Su imagen la recuperaré después, estoy seguro, no una, dos veces, quizás la recree en muchas ocasiones a largo de este viaje. Esta mañana mismo amaneciendo en un alto piso de la ciudad de Hanoi. Fuera se oían las voces de los transeúntes, un poco lejos, como el rumor de una tormenta que nunca llegará hasta nosotros pero que carraspeara sobre la tela del horizonte como una noche de fuegos artificiales cuyos ecos se confundieran con la brisa. No, no cometí el error de abrir los ojos, aquel rostro era todo mío, mucho más real que su carne y sus huesos. Era hermoso tener aquel ser dormido sobre el regazo de mi retina y poder observarlo a placer sin despertarlo, sumido en su presencia como si él fuera el aire y la luz que mi cuerpo respiraba.
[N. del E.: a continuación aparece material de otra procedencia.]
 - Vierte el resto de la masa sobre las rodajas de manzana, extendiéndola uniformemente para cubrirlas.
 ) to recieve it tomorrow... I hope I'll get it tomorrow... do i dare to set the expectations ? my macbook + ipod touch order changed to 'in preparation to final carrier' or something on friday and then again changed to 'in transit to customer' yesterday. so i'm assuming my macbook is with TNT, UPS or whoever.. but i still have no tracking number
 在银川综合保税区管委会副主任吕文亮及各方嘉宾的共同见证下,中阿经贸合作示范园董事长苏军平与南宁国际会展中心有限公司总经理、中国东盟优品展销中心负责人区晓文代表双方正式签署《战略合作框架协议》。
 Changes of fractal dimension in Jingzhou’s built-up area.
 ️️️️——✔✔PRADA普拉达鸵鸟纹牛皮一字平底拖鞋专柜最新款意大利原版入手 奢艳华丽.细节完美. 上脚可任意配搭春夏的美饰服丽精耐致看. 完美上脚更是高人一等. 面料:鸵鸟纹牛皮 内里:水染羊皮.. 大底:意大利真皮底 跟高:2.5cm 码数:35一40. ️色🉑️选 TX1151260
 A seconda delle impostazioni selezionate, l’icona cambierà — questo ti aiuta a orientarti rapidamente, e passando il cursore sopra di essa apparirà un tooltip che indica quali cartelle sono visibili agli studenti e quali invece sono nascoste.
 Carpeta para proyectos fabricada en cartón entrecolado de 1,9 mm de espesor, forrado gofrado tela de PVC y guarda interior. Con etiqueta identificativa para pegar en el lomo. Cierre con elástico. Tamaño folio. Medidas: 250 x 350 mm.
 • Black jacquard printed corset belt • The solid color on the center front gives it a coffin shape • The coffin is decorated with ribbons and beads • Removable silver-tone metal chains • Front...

Borrachera de mujer. Sólo tenía que permanecer con los ojos cerrados y dejar pasear aquella voluntad dormida en la pantalla oscura del reverso de mi cristalino. Dejarla allá para que mi cuerpo recreara, multiplicara en el hueco de mi voluntad cada mota de belleza, sus sueños, la perfecta plenitud de una raza cuya hermosura podría estallar en cualquier momento convirtiendo los tormentos del mundo, sus locuras, en un eterno gozo en donde los cuerpos se acarician, se miran, se admiran infinitamente de su mutuo palpitar que corre por los poros de la piel cada vez que descubrimos en los otros la posibilidad de un nuevo paraíso. Mantener los ojos cerrados y dejarse llevar por la bonanza de la mañana que trae en sus aguas, todavía con restos de sueño en el cuerpo, todo ese reguero de alborotada dicha. Amén.
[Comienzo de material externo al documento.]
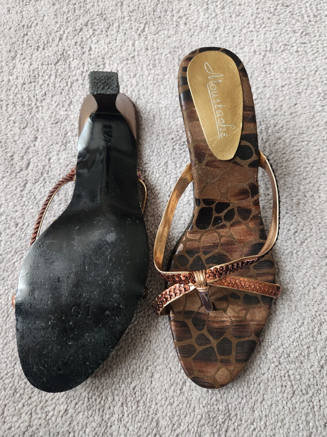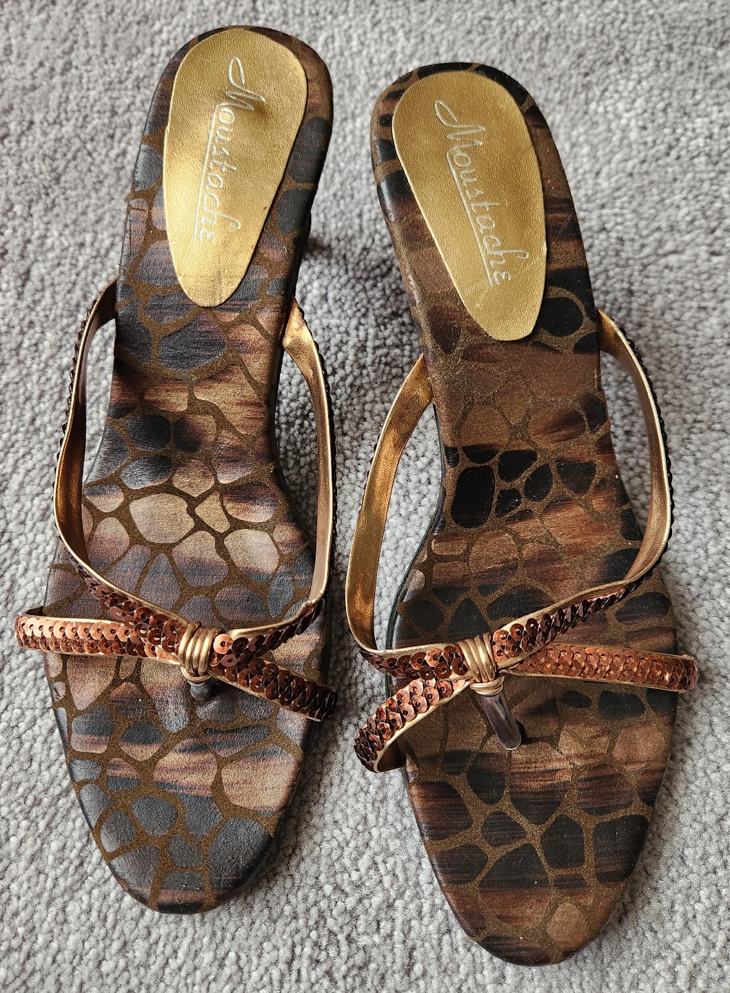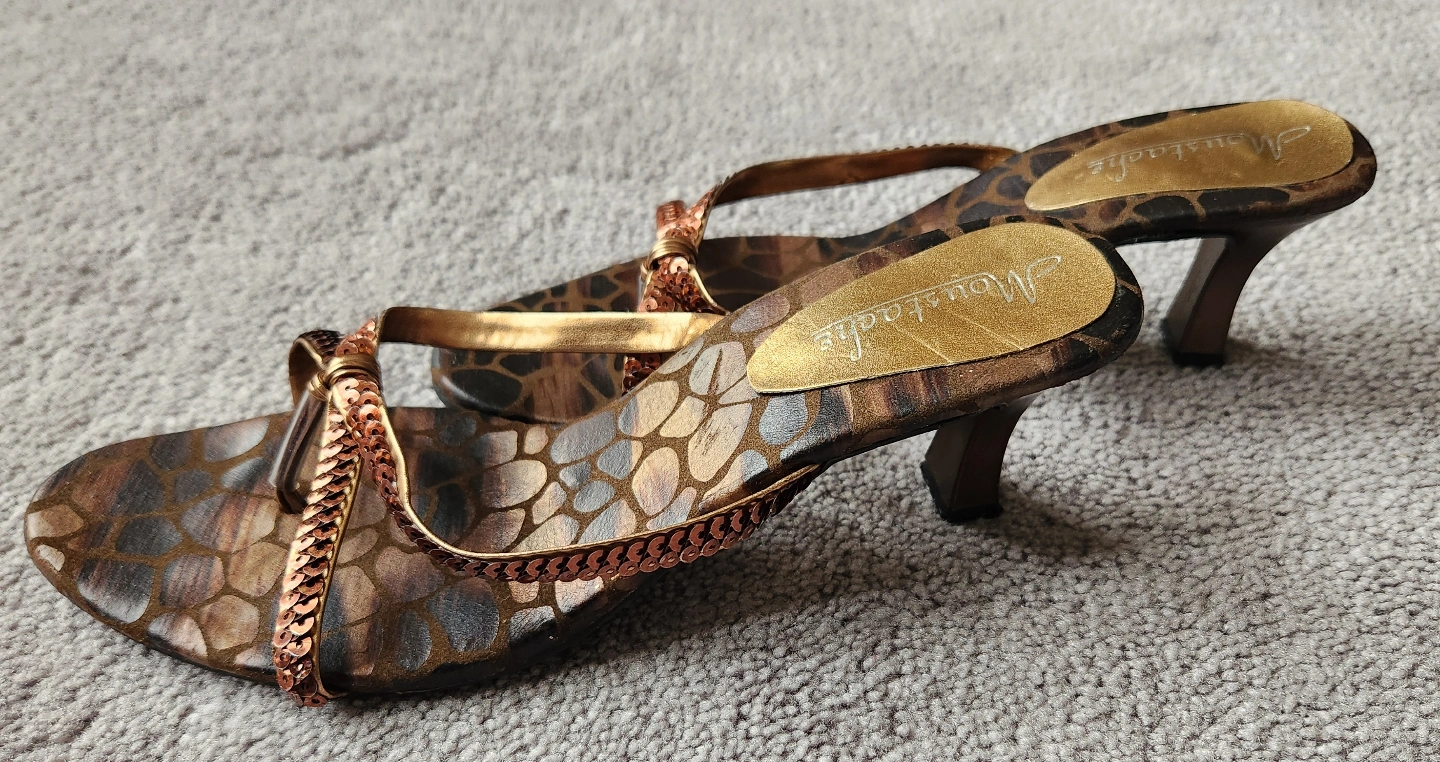 Sandals with a heel. Feature an animal print design. Sequin detailing. Wear them for an evening out.

Confieso que no soy yo el que escribe en ocasiones, estos dos últimos párrafos por ejemplo, lo hace en mi lugar algún enanito de esos que andan sueltos por ahí bailando a su bola al compás de la música que le trae la mañana. Quizás ni siquiera es el enanito el que escribe, que quien lo hace es la música que se baja del pentagrama para construir hiladas de verso libre.

Ayer y hoy se ensamblan como flexible mimbre del que estuviera naciendo un cesto en el que acomodar una realidad hecha de tiempos y realidades diferentes; el artesano trenza, ensambla, obliga a los hechos a adaptarse a la armonía del conjunto para que la realidad del nuevo día sepa a cerveza fría, a helado de vainilla, a gozo sin apelativos.